This project is part of the Data Streaming Nanodegree program, from Udacity. I will implement a streaming application using Apache Spark Structured Streaming to ingest data and a Kafka server to produce data related to San Francisco crime incidents, extracted from Kaggle.
The project requires Python 3.6 and the following:
- Spark 2.4.3
- Scala 2.11.x
- Java 1.8.x
- Kafka build with Scala 2.11.x
After the installation, set up your python environment to run the code in this repository, create a new environment with Anaconda, and install the dependencies.
$ conda create --name kafka-spark python=3.6
$ source activate kafka-spark
$ pip install -r requirements.txt
In a terminal or command window, navigate to the top-level project directory (that contains this README) and run the following commands. You’ll need to open up several terminal tabs to execute each command:
$ cd scripts/
$ . start.sh
$ . start-zookeeper.sh
$ . start-kafka-server.sh
$ . start-broker.sh
Finally, after starting up all the services, you can ingest data using a Kafka consumer or using Spark. Again, navigate to the top-level project directory:
$ python consumer_server.py
$ spark-submit --packages org.apache.spark:spark-sql-kafka-0-10_2.11:2.3.4 --master local[*] data_stream.py
All screenshots are available in the screenshots/ folder.

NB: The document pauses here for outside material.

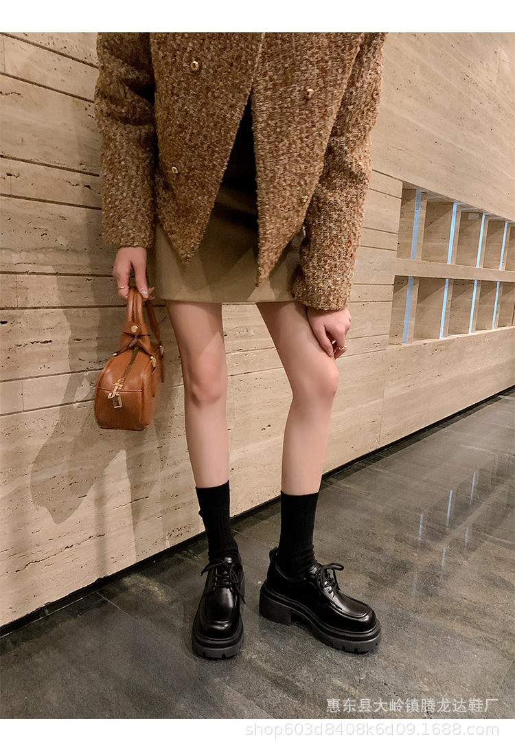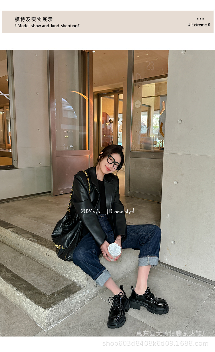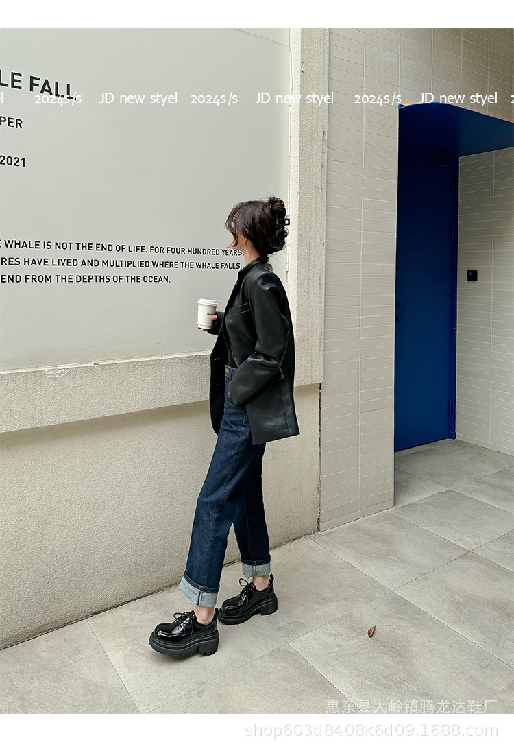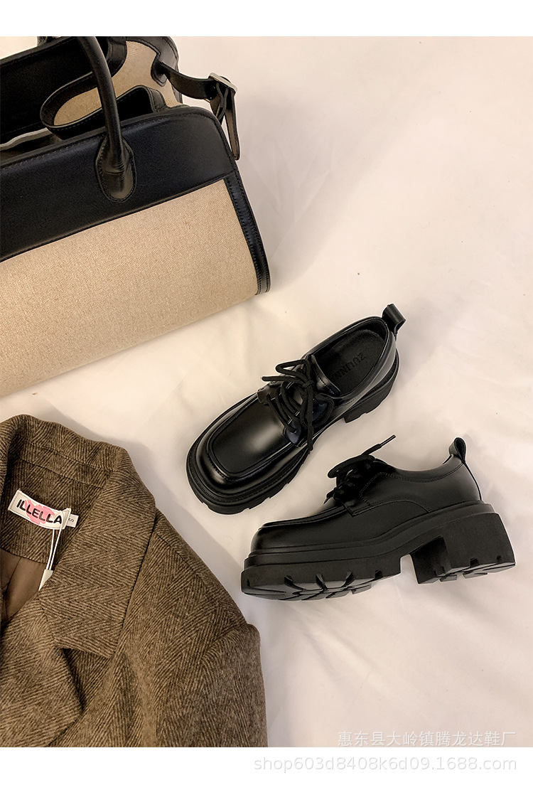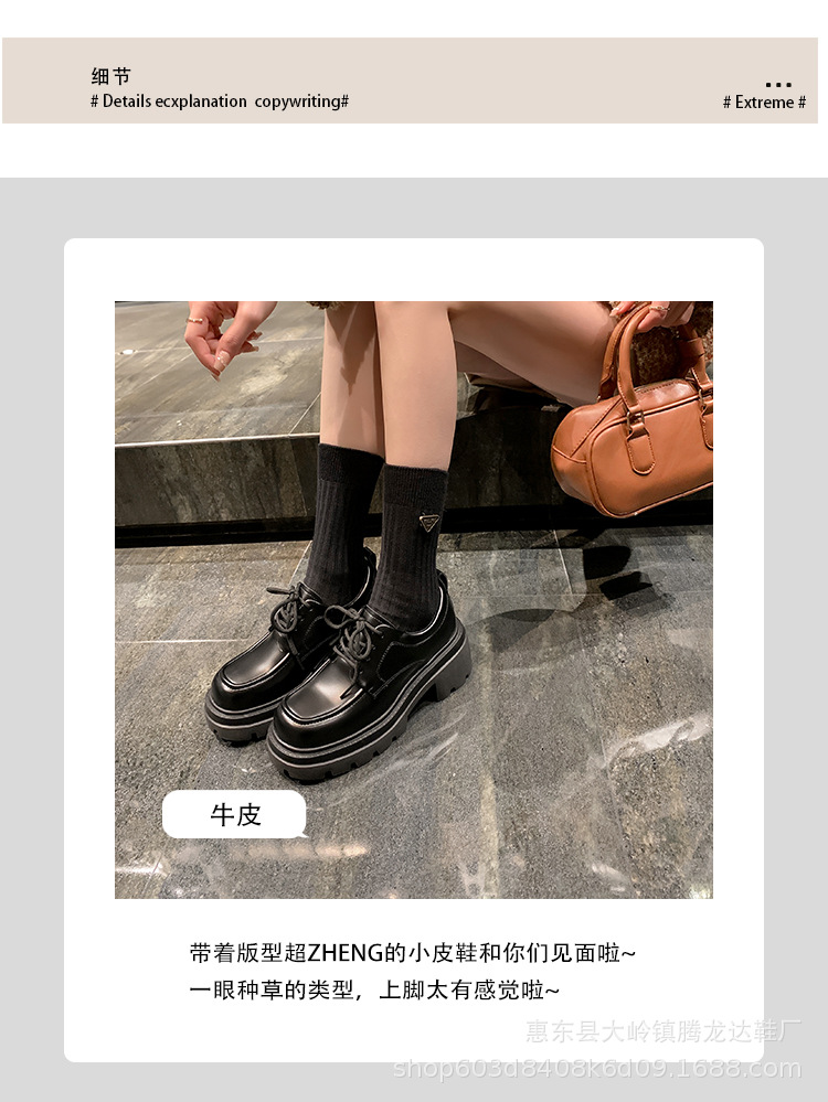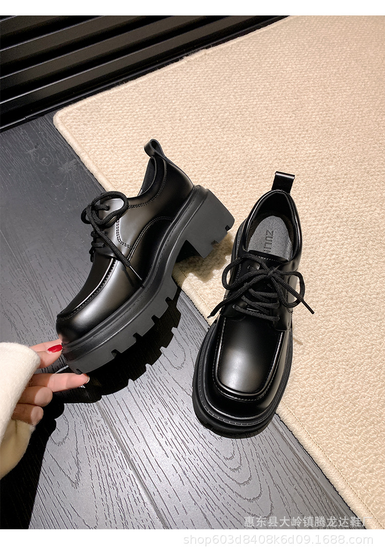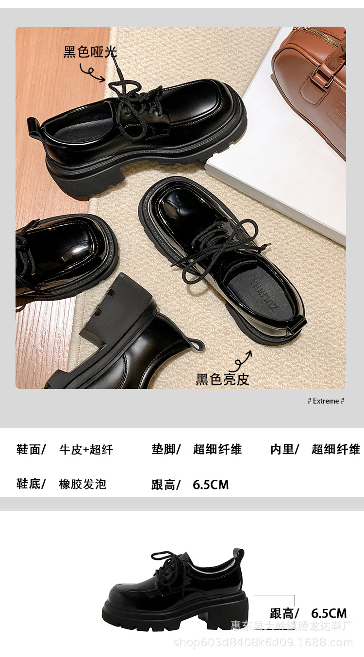 영국 스타일 Lefu 작은 가죽 신발 여성 두꺼운 단독 2025 봄 새로운 Lefu 신발 블랙 8 큰 두꺼운 레이스 업 신발

1. How did changing values on the SparkSession property parameters affect the throughput and latency of the data?
Depending on the startup parameters used, we can fine-tune both latency and throughput to our requirements. For example, processedRowsPerSecond
makes the application ingests more data per second, leading to higher throughput.
2. What were the 2-3 most efficient SparkSession property key/value pairs? Through testing multiple variations on values, how can you tell these were the most optimal?
I tested different values to the parameters bellow, and 200 to the first two presented the best performance:
spark.streaming.kafka.maxRatePerPartition
spark.streaming.kafka.processedRowsPerSecond
spark.streaming.backpressure.enabled
spark.default.parallelism
spark.sql.shuffle.partitions
The contents of this repository are covered under the MIT License.